Understanding Azure Availability Sets and Availability Zones

Azure Availability Zones (AZs) are gradually rolling out around the globe, and a common question I see is what is the difference between the existing Azure Availability Set construct and the new Availability Zone construct? Can they co-exist, does one replace the other... there are lots of questions!

In this post I'm going to explore the two concepts and hopefully provide some clarity.

Azure Regions

First we need to understand what an Azure Region is.

The official Microsoft documentation states:

"A [Region is a] set of datacenters deployed within a latency-defined perimeter and connected through a dedicated regional low-latency network".

Regions have been the standard way Microsoft makes Azure available somewhere in the world.

Typically there are multiple Azure Regions in a Geography (or Geopolitical area) and Regions are paired for redundancy of some low-level Azure services such as Storage Accounts. In Australia we are lucky to have four Regions - Australia East and Southeast (paired) along with Australia Central 1 & 2 which are paired.

Azure Regions differ slightly from how AWS defines and deploys Regions. Typically AWS has a single Region in a Geography - so in Australia you have just one - APAC Sydney. There are some cases of multiple Regions in a Geography such as in Japan, but these are in the minority.

Traditionally, if you wanted to build a highly-available service in Azure you would have to use inter-Regional designs that duplicated services between Regions (i.e. Australia East and Australia Southeast) and then you decided how to manage data synchronisation between Regions. For people coming from multi-DC environments on-premises this wasn't a massive leap.

Service Level Agreements (SLAs)

Let's take a quick detour to talk about SLAs for a moment because they play a part in Availability Sets and Availability Zones.
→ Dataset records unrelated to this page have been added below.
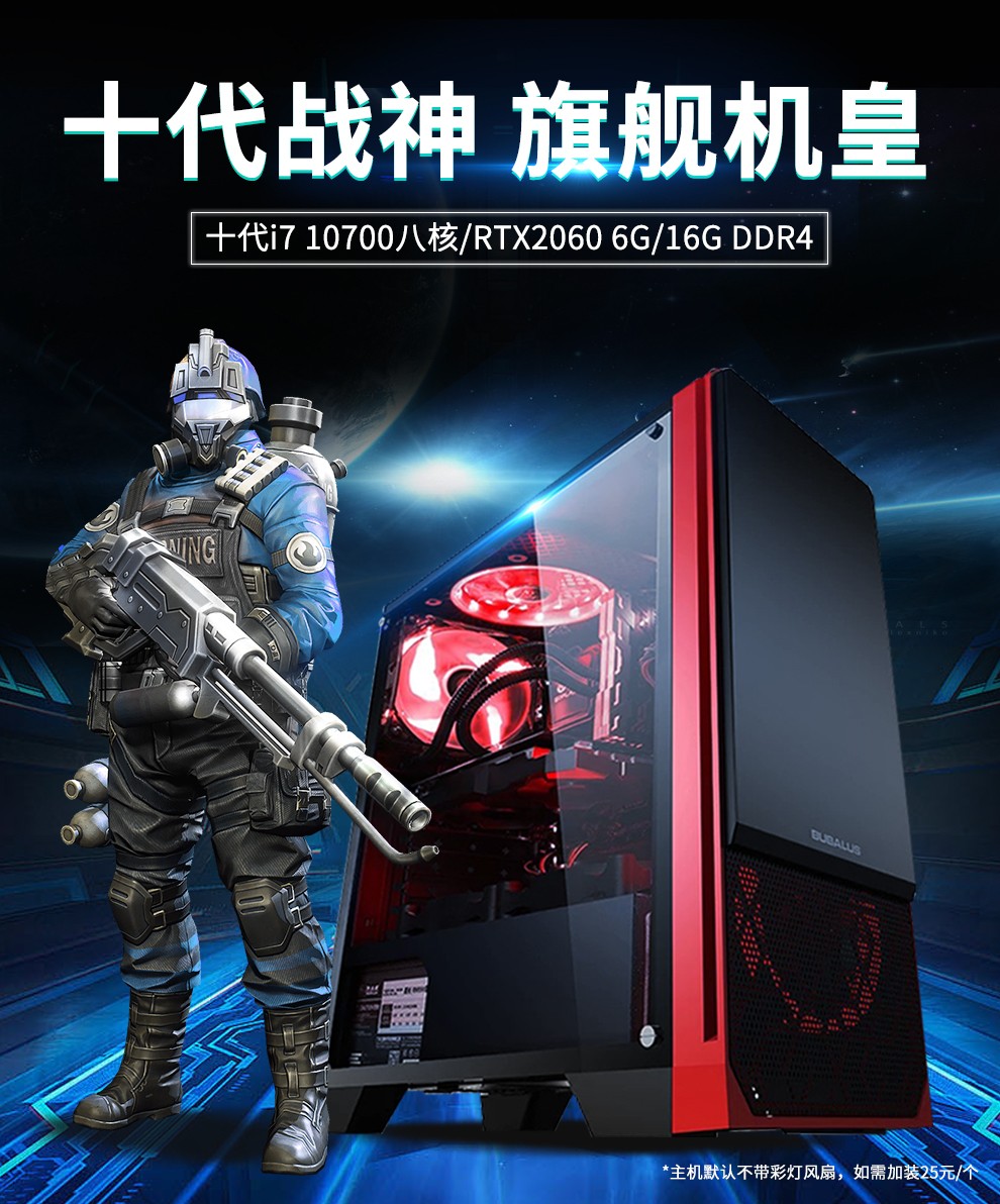 攀升战神十代i7 10700F/RTX2060/16/512G设计师水冷游戏台式电脑主机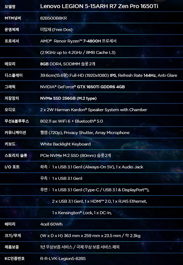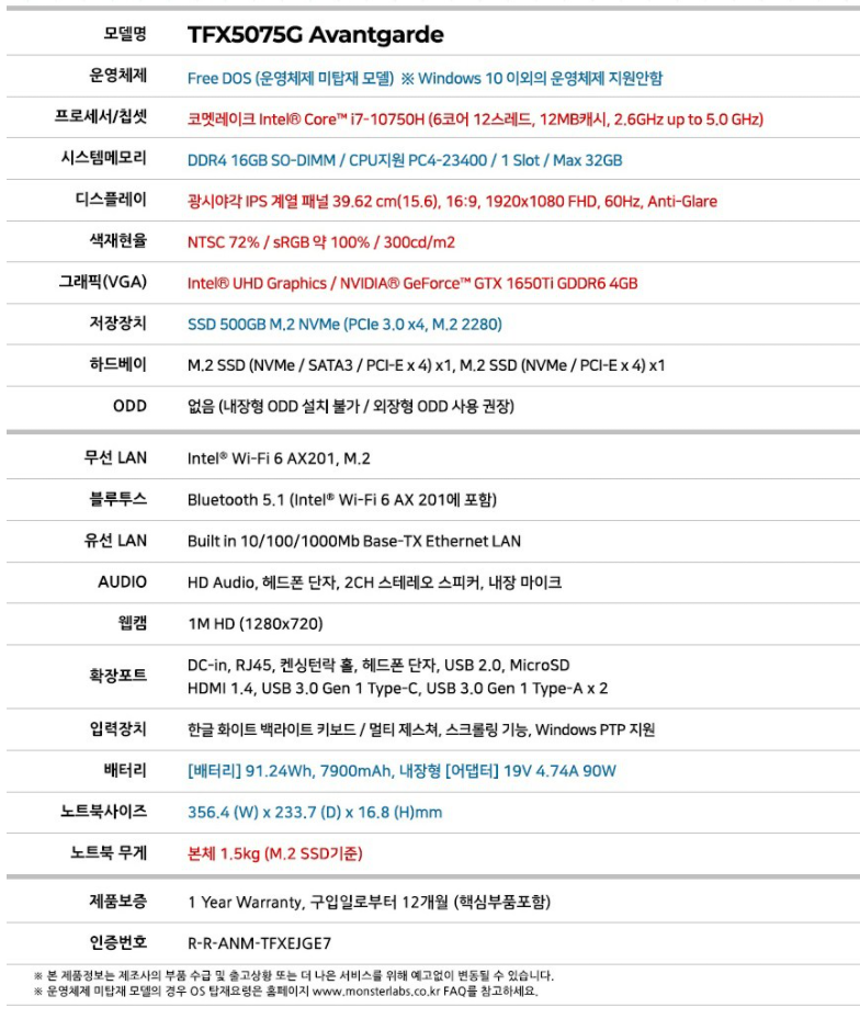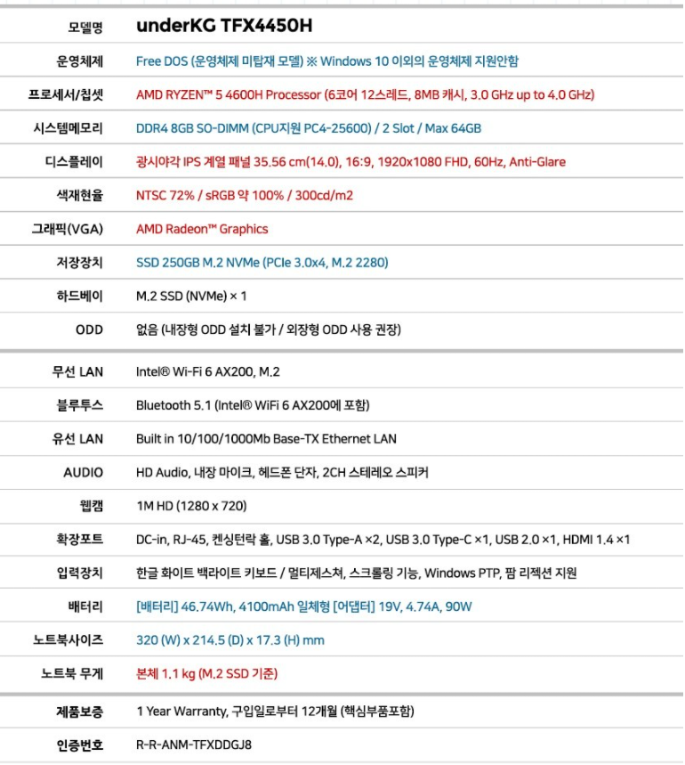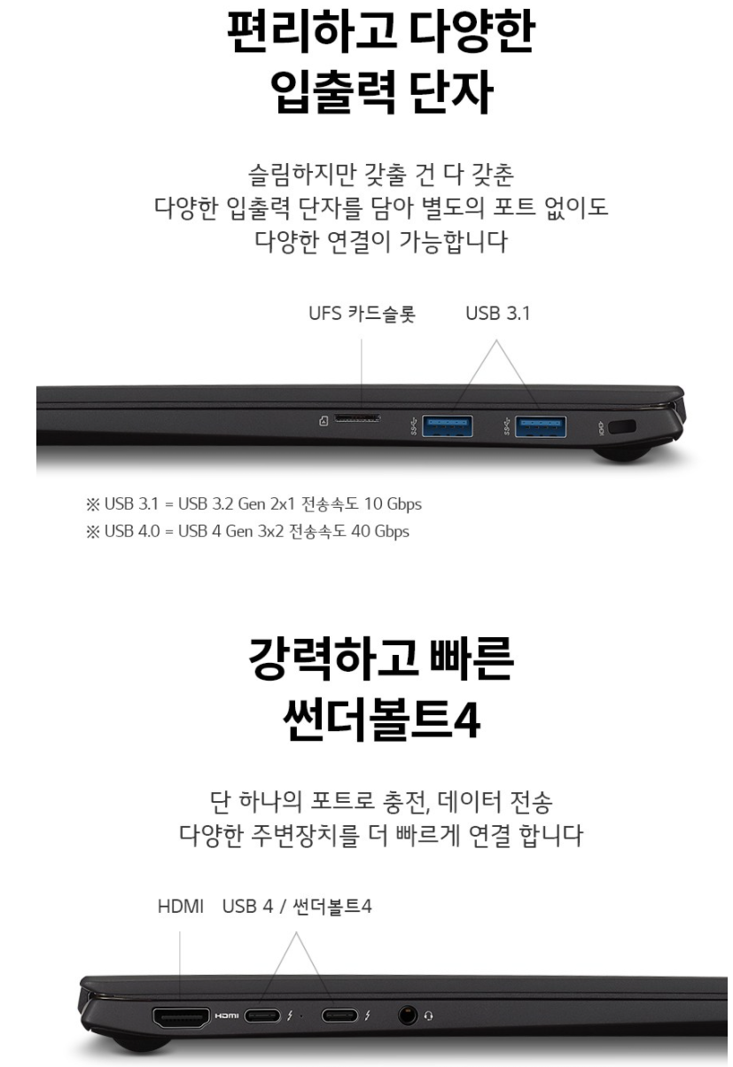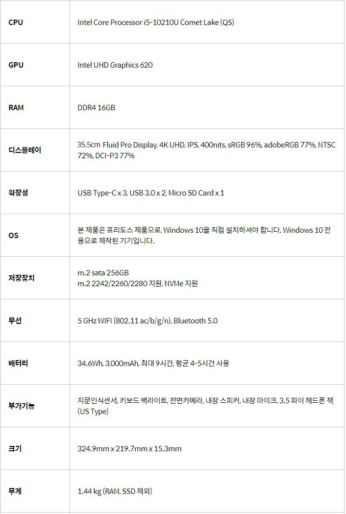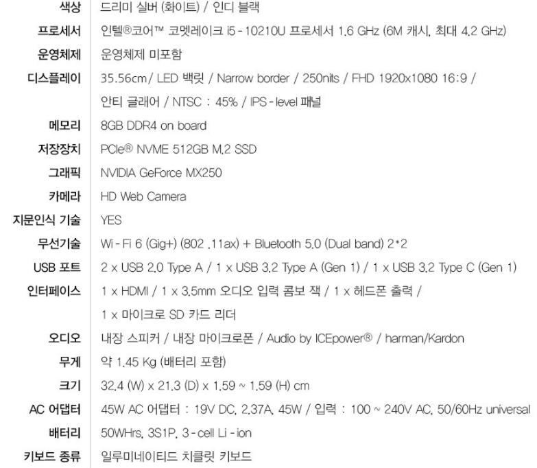 그외 : 와이파이 6 / 블루투스 5.0 / 지문인식 / 타입C 포트 1개 / USB3.2타입 1개 / USB 2.0타입A 2개 / 마이크로SD카드리더 1개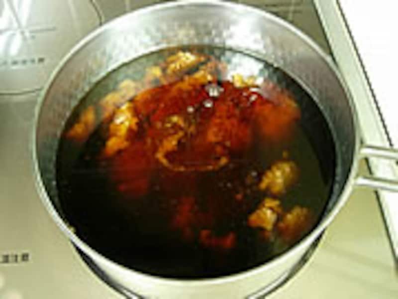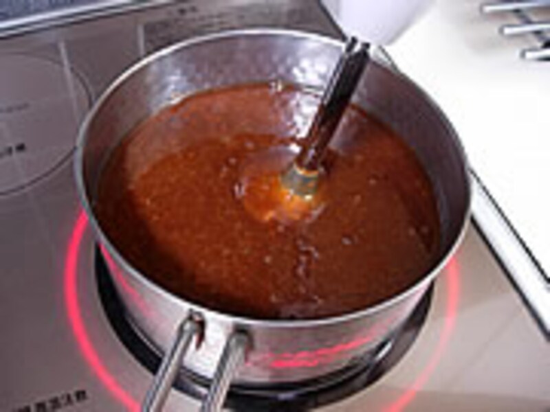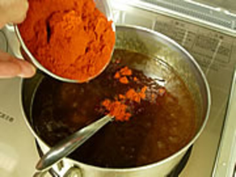 | 3・合わせ味噌が煮立ってきたら火を止めます。この後は加熱しないでひたすら練り合わせます。 | 4・粉とうがらしを少しずつ加え、なめらかになるように混ぜ合わせます。 | |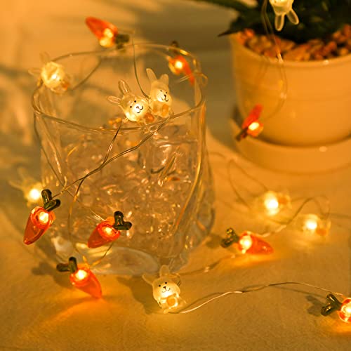 Yumcute Catena di Luci con 20 Coniglio + Carota ed Fata di Pasqua Micro LED Bianco Caldo a Pile per Interni Decorazioni Pasquali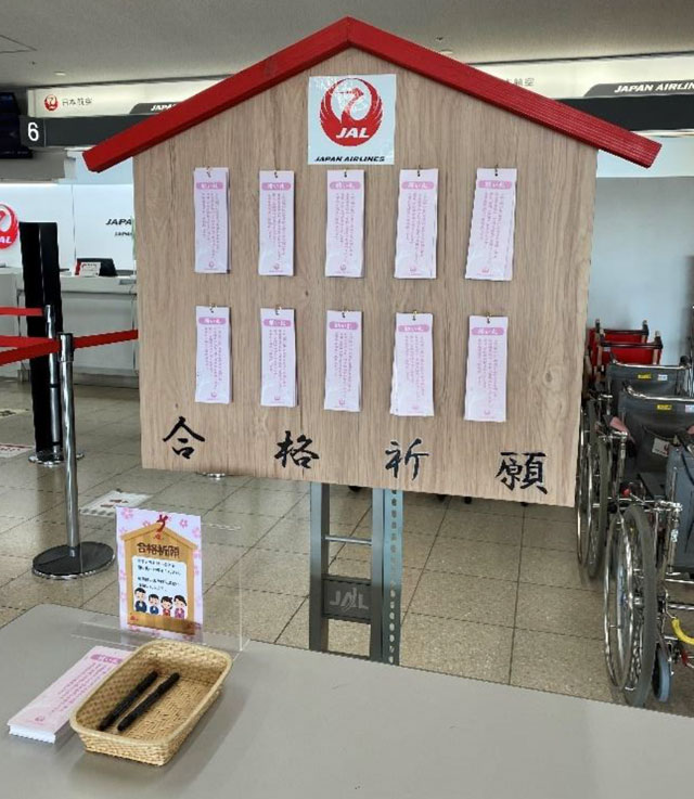 日本航空(JAL/JL、9201)は、学問の神様として名高い太宰府天満宮(福岡県)の絵馬を鹿児島空港に設置している。1月31日までで、JALの整備士が廃材を再利用して手作りした。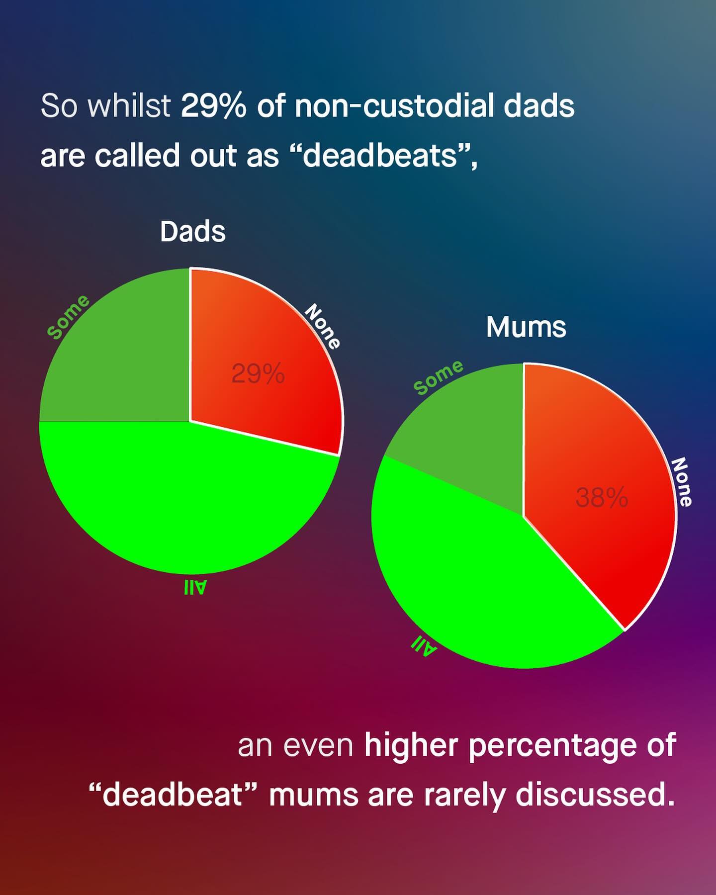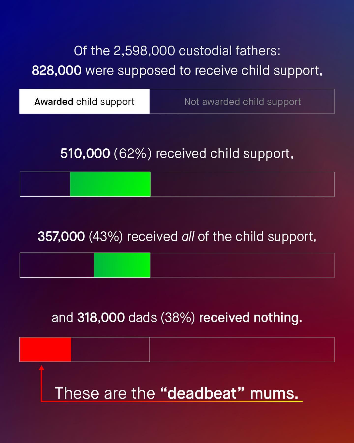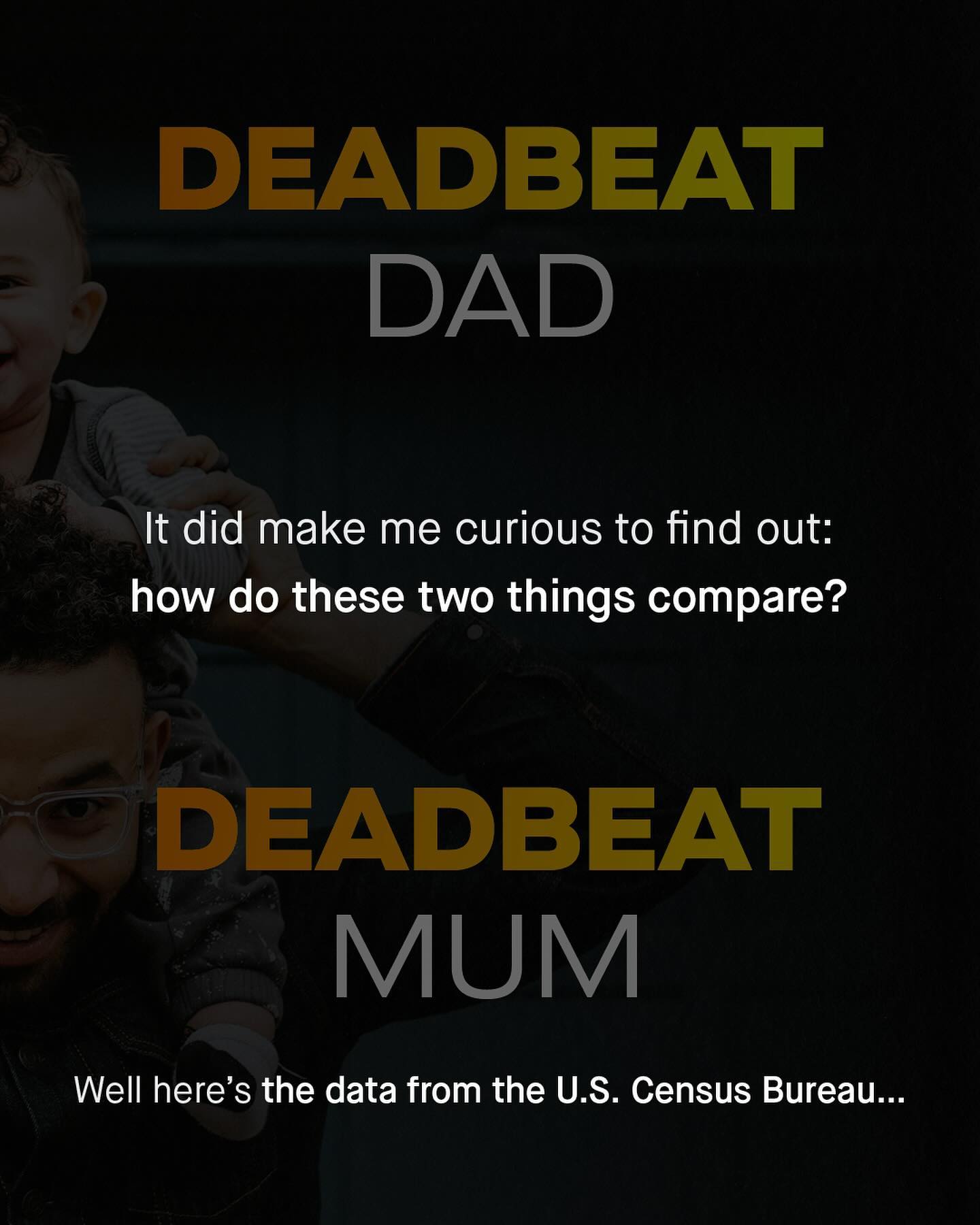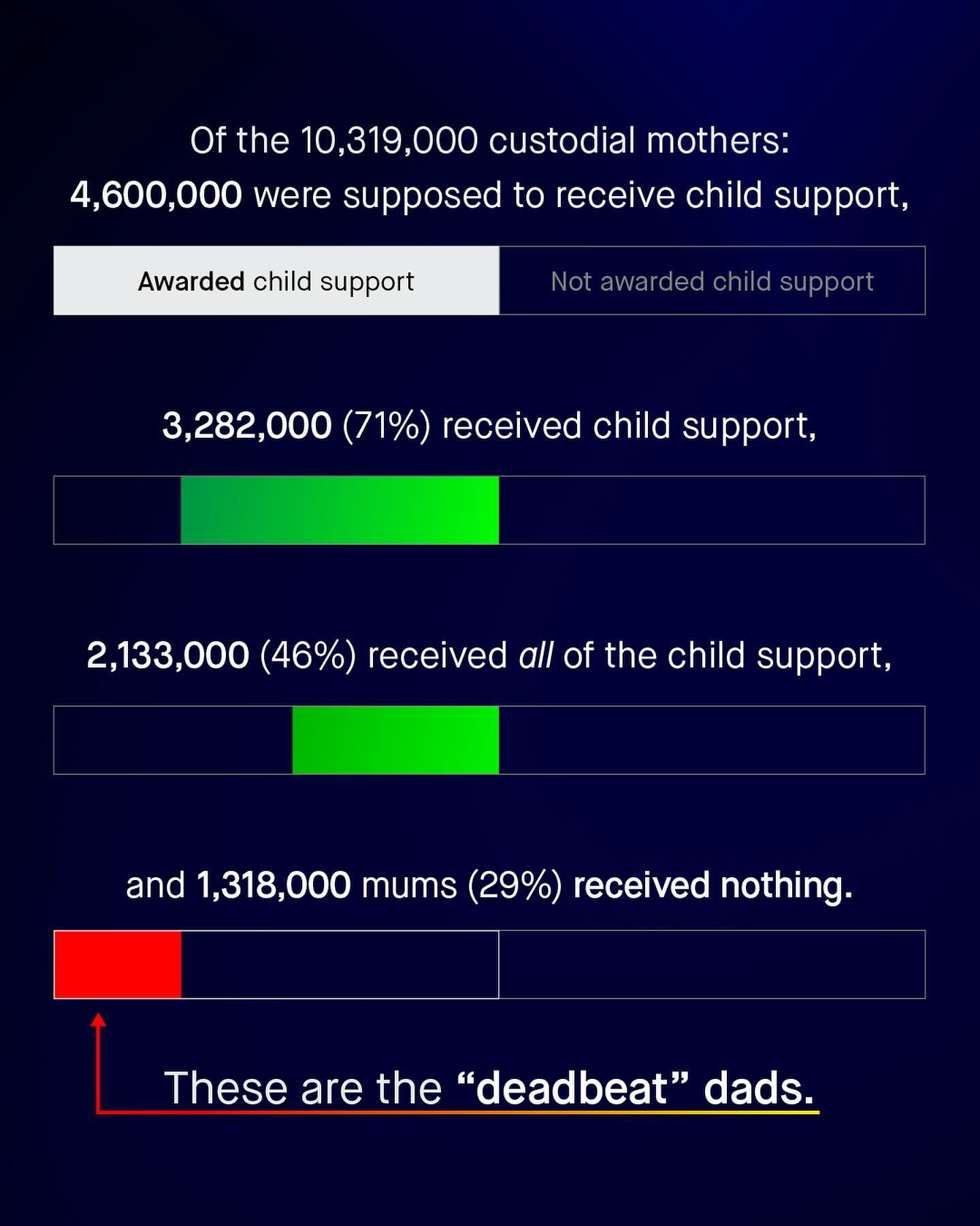 As is custom, ‘fathers’ are another sub group of men, who are seemingly held to a higher level of accountability than many of their female counterparts. Specifically, I am talking about the concept of “deadbeats”; which is a pejorative term routinely, and often rightly, assigned to noncustodial fathers, who don’t pay child support. And again, like most of these newly fangled modern terms, they are mindlessly flung around like frisbees, with little consideration or concern for whom is hit by them. You see it splashed across headlines. You hear it blabbered about by politicians. You see it scrawled onto placards, and yelled about in comment sections. “Deadbeat dads will have nowhere to hide!” You’ll hear, read, or see, again and again, as society demands men take yet another large slice from the accountability pie. And I understand much of it. Whilst it’s impossible to know the individual circumstances of these men, or understand why they don’t, or can’t pay what they owe - we do know that around 29% of American fathers who owe it, pay no child support, and that’s far too high. But does such a thing as “deadbeat mums” exist? And if it does, why are they never spoken about in the same breathe? Is it one set of expectations and responsibilities for fathers, and another for mothers? Well let’s take a look at the data from the U.S. Census Bureau, to finally fill in what’s missing from the conversation... What do you think? - U.S. Censur Bureau Data Images by Kelly Sikkema, Ben Wicks, Samuel Cesar, Codioful, Kiwi Hug, and Getty.

Many people fixate on SLA numbers as some form of concrete commitment to meet or exceed availability of a service in Azure. As is stated in the Virtual Machine SLA document:

"If we do not achieve and maintain the Service Levels for each Service as described in this SLA, then you may be eligible for a credit towards a portion of your monthly service fees."

So.. the important take away here is that an SLA is an instrument under which you can receive compensation in the event that the Azure platform fails to meet the threshold set out in the SLA. The SLA does not mean that any Virtual Machine (in this case) will always have availability at or above the stated SLA target.

Things can and do happen which may impact a VMs ability to function as expected, and where it is determined that Azure was the root cause then the SLA defines what impacted parties can expect to receive as a remedy (in this instance a credit on your Azure account).

The final point on an SLA. The vast majority of SLAs for Azure services relate to availability of a service. They do not relate to performance of a service (i.e. how quickly it responds). Cosmos DB is one of the few services that has performance as a part of its SLA.

Right, with these two basic ideas out of the way let's dig into availability designs and how Availability Sets and Availability Zones help.

Single Virtual Machine (Azure VM SLA = 99.9%)

Let's start with an example Virtual Machine (VM) hosted workload. This VM will have a single disk and a single network interface.

If we simply "lifted and shifted" this workload from on-premises into Azure and ran it on a single VM with no special features enabled we could achieve a maximum Azure-backed SLA for availability of 95% which represents ~1.5 days a month of downtime being within acceptable boundaries.

If that SLA meets your business needs then you could stop here, but in many cases this wouldn't suffice.

We could make some configuration changes around the Disks used for the VM and increase the SLA to 99.9% which is better at ~45 minutes of monthly downtime being acceptable.

Let's dig a little deeper and find out how we can improve this.

High Availability

I touched on how you could achieve high availability in Azure by using a multi-Region deployment model. Clearly in some cases this represents unnecessary complexity or cost for the style of workload being run.

If you want to run a VM-based workload in a single Azure Region, then the way you achieve improved availability is to use an Availability Set, which we'll look at next.

Availability Sets (Azure VM SLA = 99.95%)

An Availability Set allows you to take a Virtual Machine (VM) and improve it's availability by configuring multiple copies of the VM to be deployed as a group which ensures that the Azure management plane will place the VMs such that the hosted workload(s) are resilient across Azure updates and faults.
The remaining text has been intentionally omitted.